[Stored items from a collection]
════════

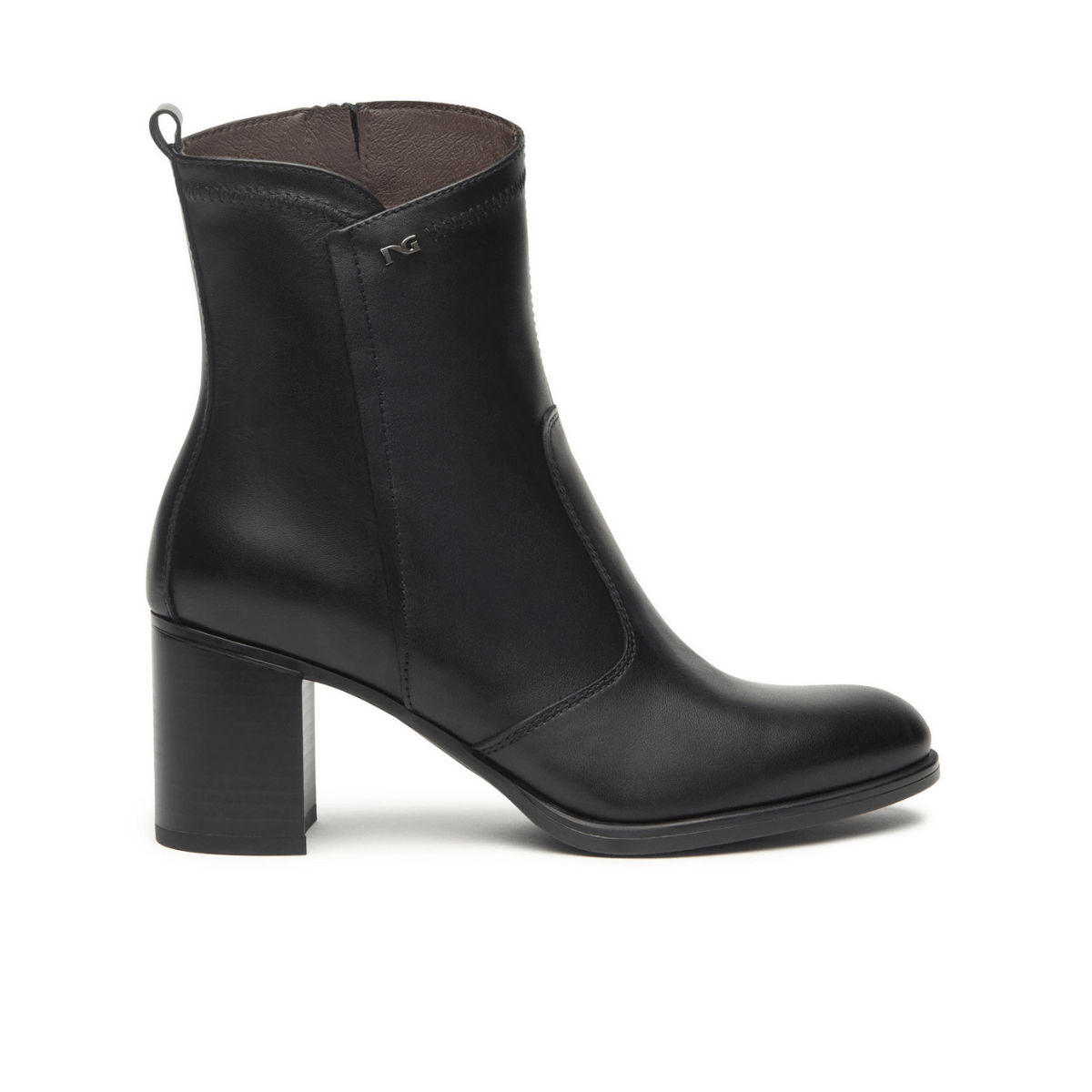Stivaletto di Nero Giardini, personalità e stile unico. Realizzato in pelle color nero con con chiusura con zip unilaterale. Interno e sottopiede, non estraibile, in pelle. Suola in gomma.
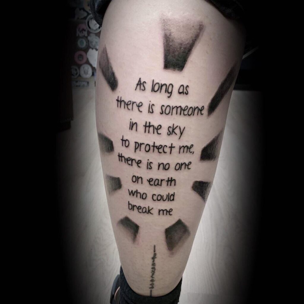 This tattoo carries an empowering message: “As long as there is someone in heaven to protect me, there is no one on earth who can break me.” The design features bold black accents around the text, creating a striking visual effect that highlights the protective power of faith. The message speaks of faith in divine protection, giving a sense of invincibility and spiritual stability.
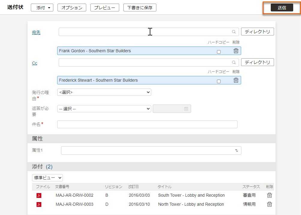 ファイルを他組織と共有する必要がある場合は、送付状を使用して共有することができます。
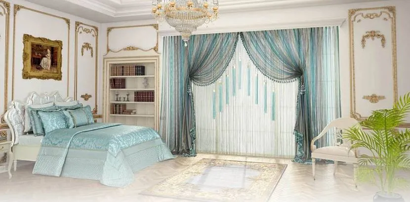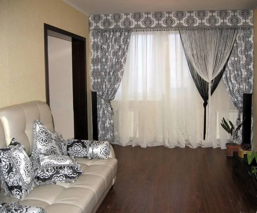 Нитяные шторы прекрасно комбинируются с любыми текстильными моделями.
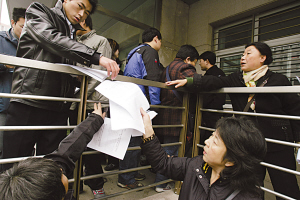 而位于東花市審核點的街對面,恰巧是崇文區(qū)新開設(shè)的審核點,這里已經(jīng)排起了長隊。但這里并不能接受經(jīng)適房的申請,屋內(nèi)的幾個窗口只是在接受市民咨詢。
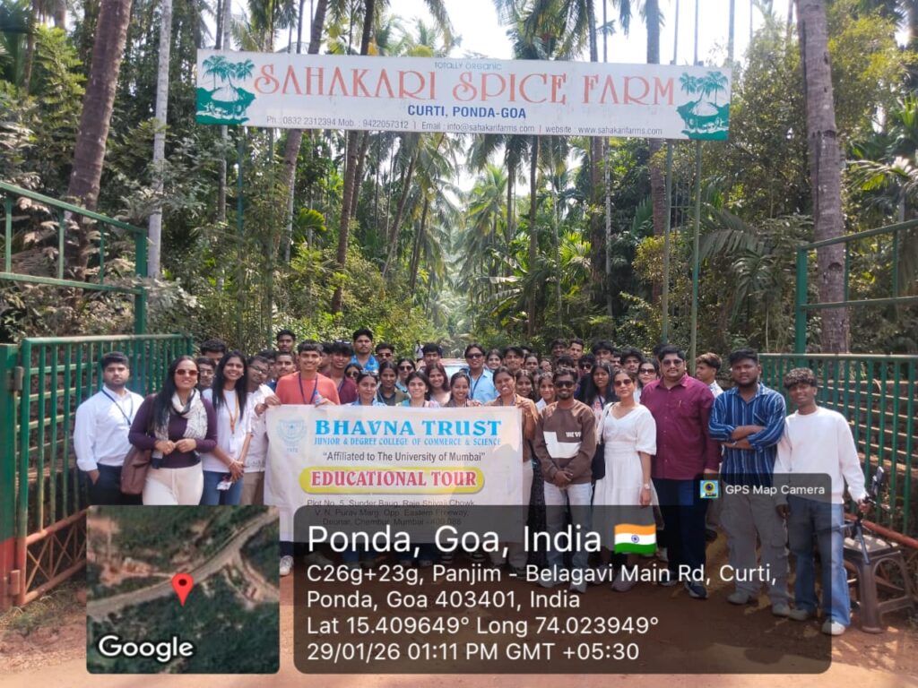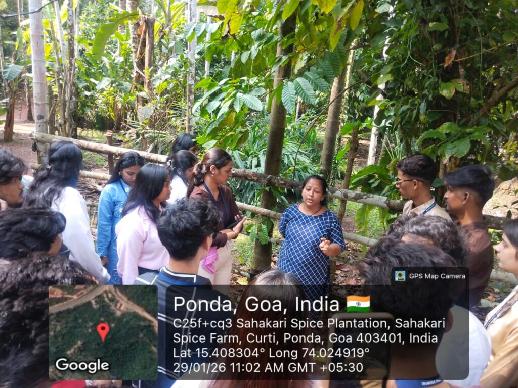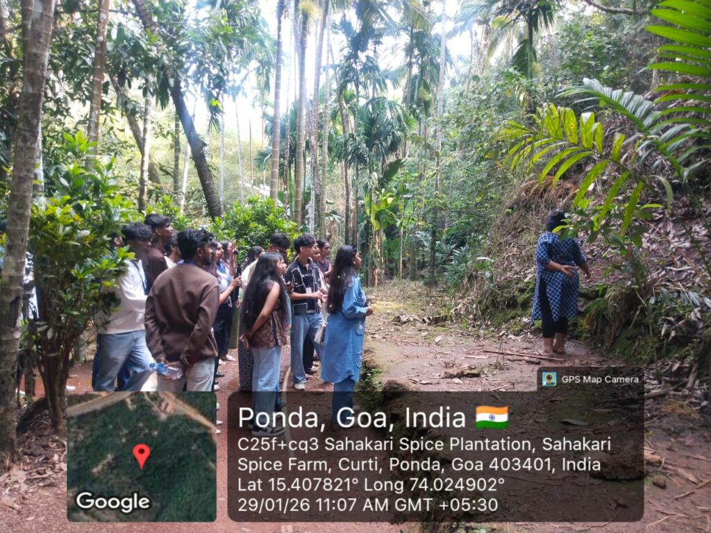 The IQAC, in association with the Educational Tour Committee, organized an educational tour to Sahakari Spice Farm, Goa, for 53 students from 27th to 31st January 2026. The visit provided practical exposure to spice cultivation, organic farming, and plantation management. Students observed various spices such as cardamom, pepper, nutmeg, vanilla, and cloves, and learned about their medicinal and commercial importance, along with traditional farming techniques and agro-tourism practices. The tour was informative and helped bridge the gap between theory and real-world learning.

════════

• [Your task]:
The records above must be copied exactly, with no pictures carried over.

• [Task solution]:
Stivaletto di Nero Giardini, personalità e stile unico. Realizzato in pelle color nero con con chiusura con zip unilaterale. Interno e sottopiede, non estraibile, in pelle. Suola in gomma.
 This tattoo carries an empowering message: “As long as there is someone in heaven to protect me, there is no one on earth who can break me.” The design features bold black accents around the text, creating a striking visual effect that highlights the protective power of faith. The message speaks of faith in divine protection, giving a sense of invincibility and spiritual stability.
 ファイルを他組織と共有する必要がある場合は、送付状を使用して共有することができます。
 Нитяные шторы прекрасно комбинируются с любыми текстильными моделями.
 而位于東花市審核點的街對面,恰巧是崇文區(qū)新開設(shè)的審核點,這里已經(jīng)排起了長隊。但這里并不能接受經(jīng)適房的申請,屋內(nèi)的幾個窗口只是在接受市民咨詢。
 The IQAC, in association with the Educational Tour Committee, organized an educational tour to Sahakari Spice Farm, Goa, for 53 students from 27th to 31st January 2026. The visit provided practical exposure to spice cultivation, organic farming, and plantation management. Students observed various spices such as cardamom, pepper, nutmeg, vanilla, and cloves, and learned about their medicinal and commercial importance, along with traditional farming techniques and agro-tourism practices. The tour was informative and helped bridge the gap between theory and real-world learning.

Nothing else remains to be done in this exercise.